Streaming allows for a more human response from our LLMs, when streaming, we can obtain chunks of data at a time, similar to how we would talk. Then we will move on to creating a system where the LLM outputs updates in the events that occour during the run time. This will keep the user updated on the LLM's activities.
!pip install -qU \
"openai-agents==0.1.0"
Firstly we need to get a OPENAI_API_KEY
set up, for this you will need to create an account on OpenAI and grab your API key
import os
import getpass
os.environ["OPENAI_API_KEY"] = os.getenv("OPENAI_API_KEY") or \
getpass.getpass("OpenAI API Key: ")
Streaming Text Events
In this section we will quickly cover the basics to stream text straight from an agent.
First, we need to import the Agent
class and define our agent object, here we will only need to do the basic settup as we did in previous tutorials.
from agents import Agent
agent = Agent(
name="Streamer Agent",
instructions="You are a helpful assistant.",
model="gpt-4.1-mini",
)
To run our agent asynchronously and with streaming, we will use the run_streamed
method rather than the default run
method, allowing us to stream tokens or events to our user/console as soon as they are received from OpenAI.
Now we can create a for loop that checks for any events happening, and then if the event is a chunk of text via the ResponseTextDeltaEvent
we want to force print that to the console using flush
. We also use end=""
to avoid printing each individual token on a new line.
When you run this code you should see tokens being streamed to the output below, rather than being printed in a single large chunk.
from openai.types.responses import ResponseTextDeltaEvent
from agents import Runner
result = Runner.run_streamed(
agent,
input="Tell me what caused the stock market to crash in 2008."
)
async for event in result.stream_events():
if event.type == "raw_response_event" and isinstance(event.data, ResponseTextDeltaEvent):
print(event.data.delta, end="", flush=True)
Streaming Event Information
Now we want to stream event information.

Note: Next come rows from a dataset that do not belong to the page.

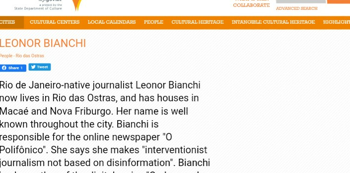 Leonor Bianchi Há mais de duas décadas militando no segmento cultural, fui convidada a integrar o Mapa de Cultura do Estado do Rio de Janeiro em 2012, quando foi criado. O Mapa traz um verbete (abaixo) desatualizado. De 2012 até hoje já criei dezenas de outras ações culturais, dentre elas, a própria Revista do Choro … Continue a ler Há mais de duas décadas militando no segmento cultural, editora da Revista do Choro, Leonor Bianchi, integra o Mapa de Cultura do Estado do Rio de Janeiro desde 2012
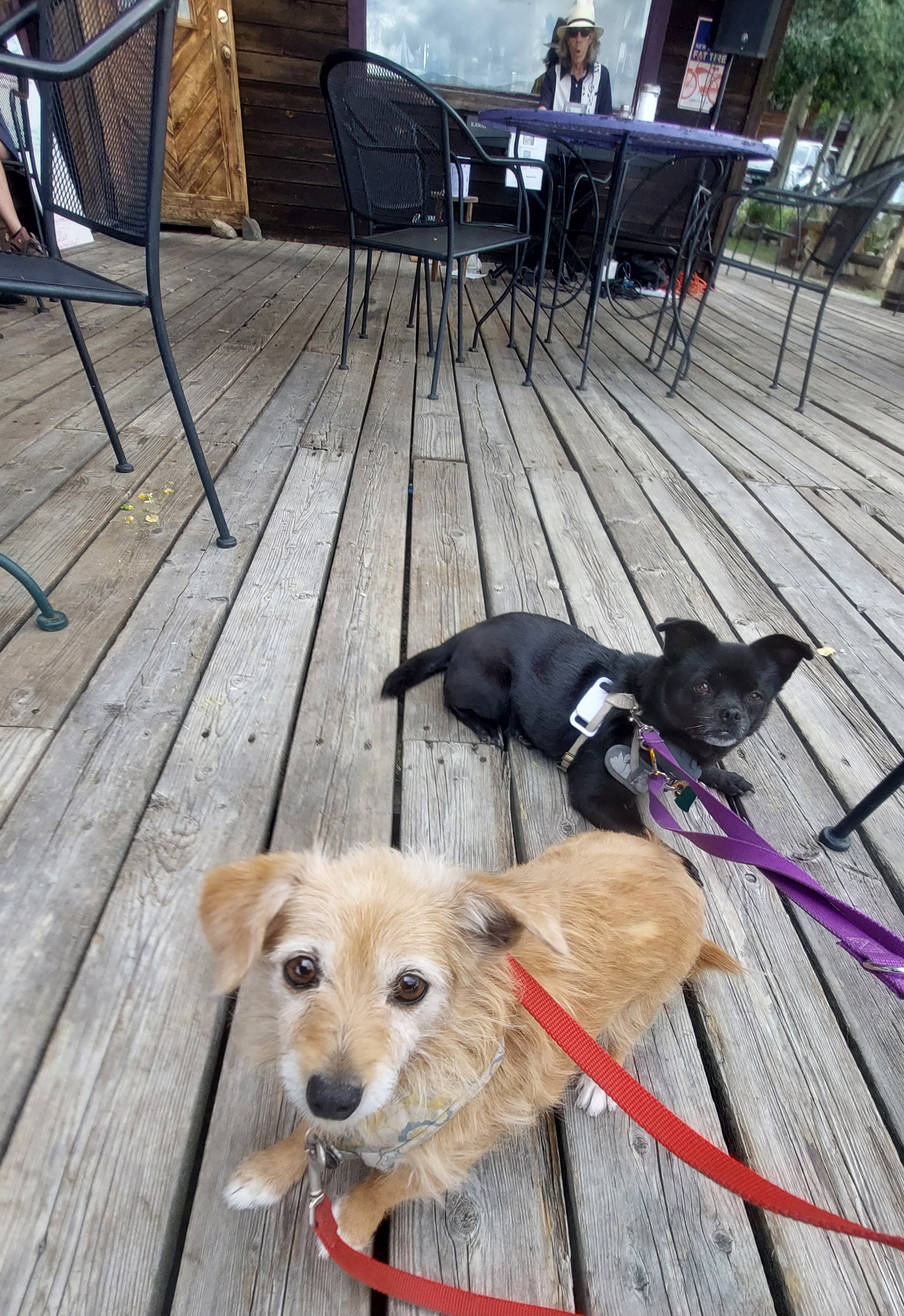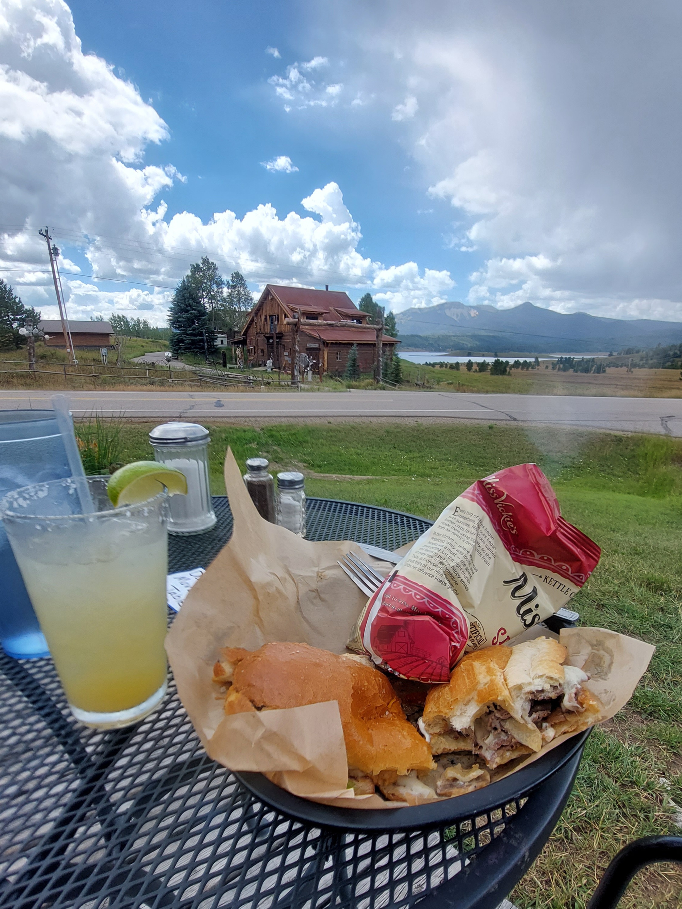 When we got back to the car, we headed to Hahns Peak for lunch. Hahns Peak Cafe was open and the porch is dog friendly. The rain passed over and we had a great lunch listening to live music. Yes, I had a margarita and dessert for lunch! Why not? My last real meal was at Flaming Gorge Resort! I was marveling at Kokopelli and all the changes she had made since her rescue from the hoard just 6 months prior. She looks so happy.
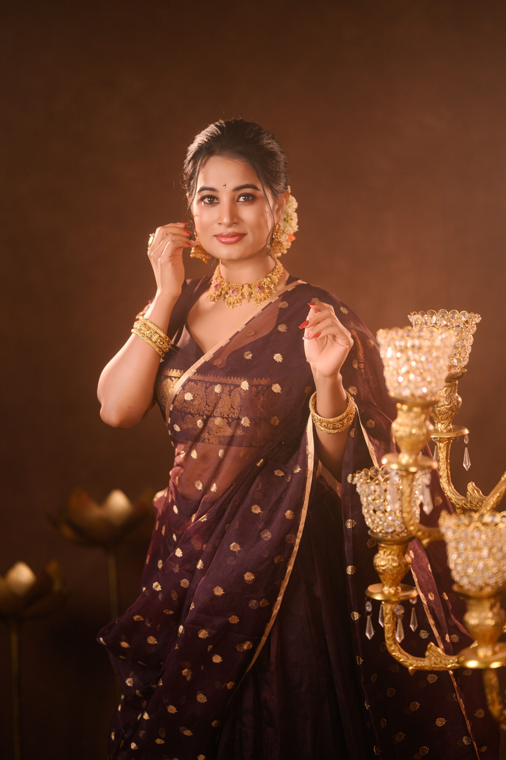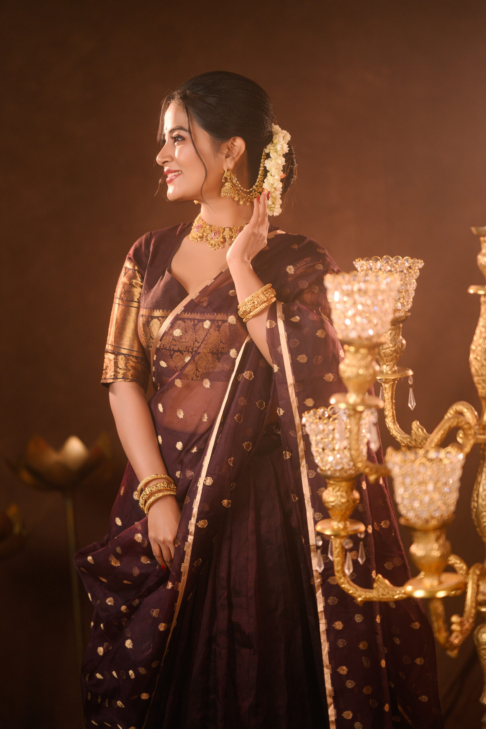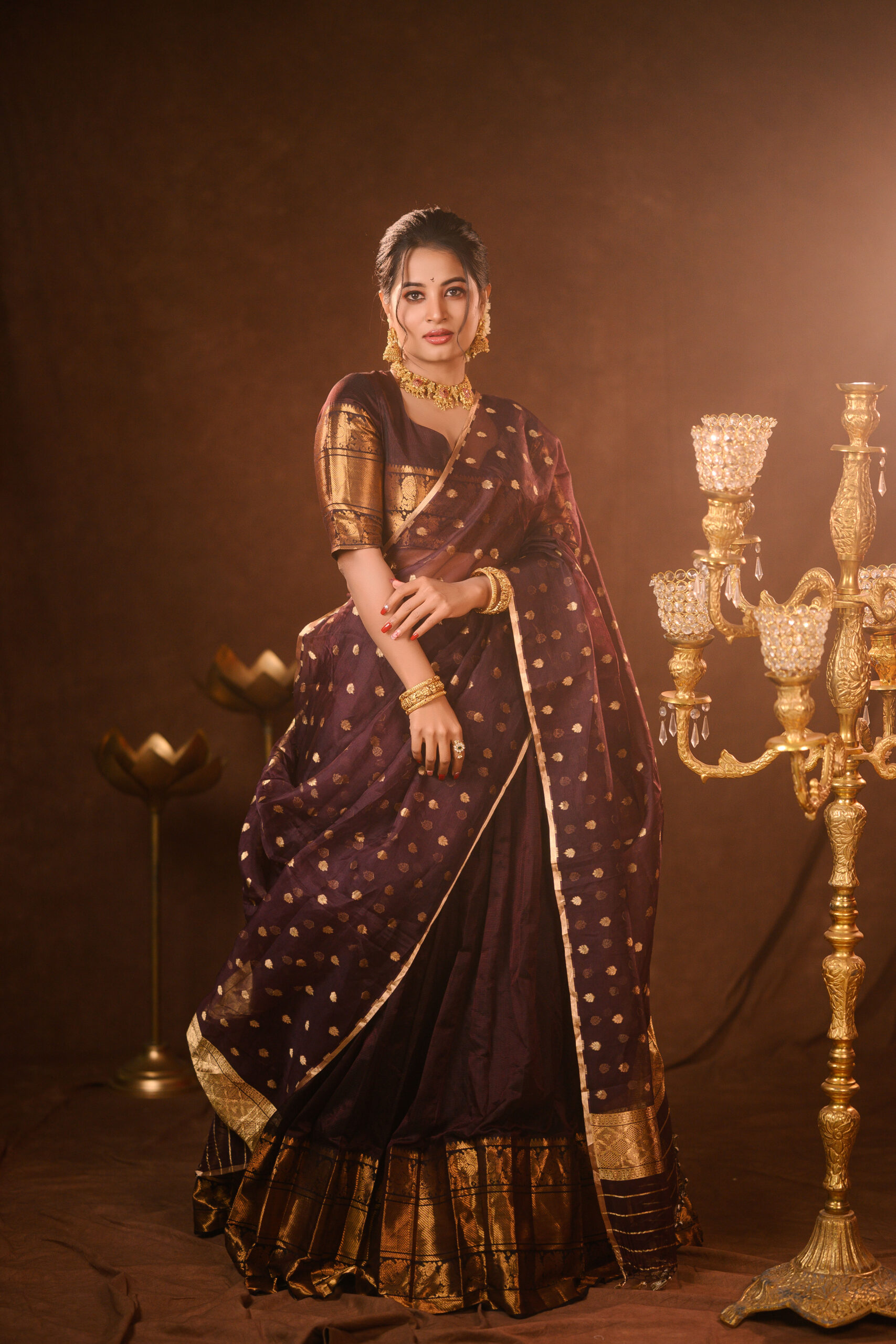 Coffee Brown Silk Lehenga with Organza Dupatta (Set of 3)
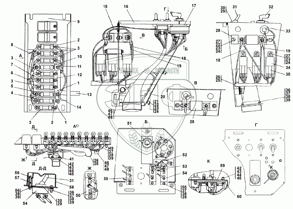 Каталог запасных частей к технике: Промтрактор ТГ-301Я. 311502-10-100СП Блок выключателей
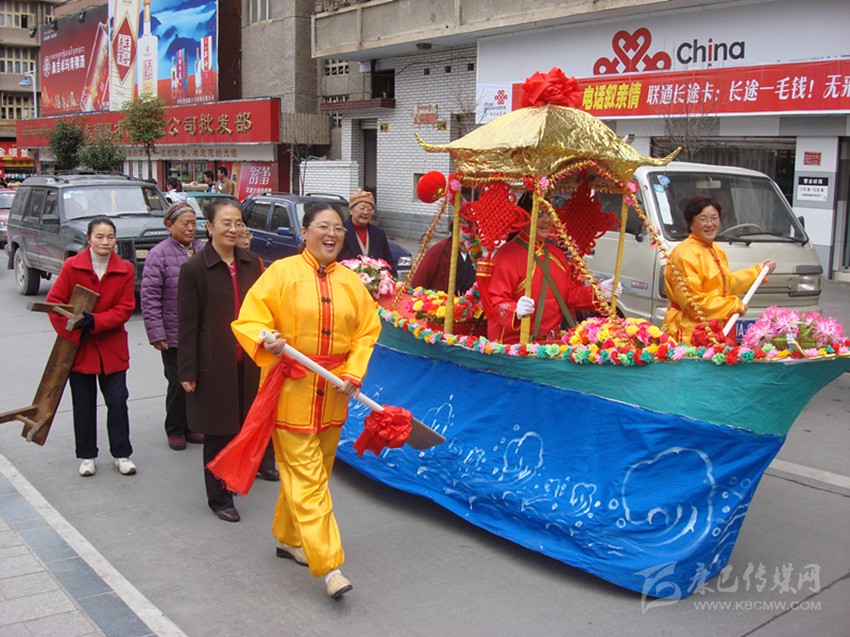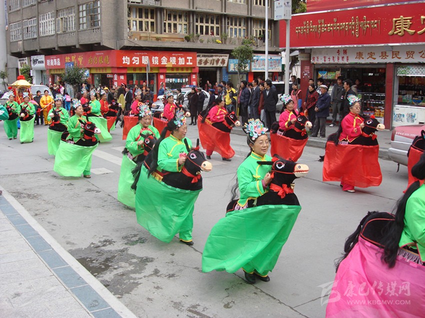 半個世紀(jì)風(fēng)靡康定城的“船燈”、“馬馬燈”、“鬧山鼓”、“扭秧歌”、“笑頭和尚戲柳翠”、“霸王鞭”……整個兒就像老陜過年時的“社戲”場面。大年初一、十五夜“出燈”游街,熱鬧氣氛把整個年節(jié)塞得滿滿的。記得我孩童時見過一次“出燈”游行,不是晚上而是在大白天(叫“出游”)。寺廟喇嘛吹奏佛樂走在前面,接著是“川北”人的川劇鑼鼓;再后面跟著的就是“馬馬燈”、劉老陜的“船燈”、鐵木社的“龍燈”、二輕局的“霸王鞭”、南門上的弦子隊、三居委的腰鼓隊、北三巷的“道孚鍋莊隊”……游行隊伍遇街口寬敞地方必圍圈演出?!叭死侠?,人老啦,人老先從頭上老,白的多來黑的少, 開——船——羅!”“銀須飄灑”的艄公劉老陜用俏皮逗趣的陜腔告白開場詞,在歡喜鑼鼓的伴奏中“劃”著旱船出了場。旱船闖“急流”、過“險灘”,風(fēng)趣又逼真;如果哪家的姑娘打扮成古裝戲里的嬌美仕女坐上旱船游了街,那她立馬就成了康定城人皆贊譽的“美女”。接著就是“馬馬燈”,幾十個“騎馬橫槍”的古裝將士馳騁上場,排兵布陣,穿梭并行,“馬”鈴聲鼓樂聲交織一起……鬧翻了康定城的“三山二水”。

This can include anything from an agent change, to a tool call, or even the output finally being ready to output.
First we will create a function using the function_tool
decorator.
This tool will be a simple time tool that will return the current time in a string format.
from agents import function_tool
from datetime import datetime
@function_tool()
async def fetch_time() -> str:
"""Fetch the current time."""
return datetime.now().strftime("%Y-%m-%d %H:%M:%S")
Next we want a lower level agent that has access to this tool, we can make this by defining a new agent from the Agent
class as we did previously. Whilst also supplying instructions to make sure the agent is aware of the role it plays.
time_agent = Agent(
name="Time-Agent",
instructions=(
"You are a time agent that fetches the current time. Make sure when returning "
"your response you include the agent that provided the information along with "
"any additional tool calls used within the agent."
),
tools=[fetch_time],
model='gpt-4.1-mini',
)
Next we want to define our top level agent, and use the agent we defined in the previous step as_tool
, allowing us to make extra events in our stream.
orchestrator_agent = Agent(
name="Orchestrator-Agent",
instructions="""
You are an orchestrator agent that uses the tools given to you to complete the user's query.
You have access to the `Time Agent` tool.
""",
tools=[
time_agent.as_tool(
tool_name="Time-Agent",
tool_description="Fetch the current time",
)
],
model='gpt-4.1-mini',
)
Now we can use the run_streamed
method from our Runner
to begin the events.
Then we can use the example given from the Agents SDK team to filter through all the event information.
Event information can be anything from a handoff, tool call, or even the message output.
from agents import ItemHelpers
result = Runner.run_streamed(
orchestrator_agent,
input="what time is it?",
)
print("=== Run starting ===")
async for event in result.stream_events():
if event.type == "raw_response_event": # ignore any raw events as this is just the LLM output
continue
elif event.type == "agent_updated_stream_event": # when a handoff or agent change occurs
print(f"Agent updated from {event.new_agent.name} to {event.new_agent.tools[0].name}")
continue
elif event.type == "run_item_stream_event": # when items are generated
if event.item.type == "tool_call_item": # if the item is a tool call
print("-- Tool was called")
elif event.item.type == "tool_call_output_item": # if the item is a tool call output
print(f"-- Tool output: {event.item.output}")
elif event.item.type == "message_output_item": # if the item is a message output
print(f"-- Message output:\n {ItemHelpers.text_message_output(event.item)}")
else:
pass # ignore everything else
=== Run starting ===
Agent updated from Orchestrator-Agent to Time-Agent
-- Tool was called
-- Tool output: The current time is 2025-04-10 08:51:29. (Agent: Time Agent)
-- Message output:
The current time is 8:51 AM on April 10, 2025.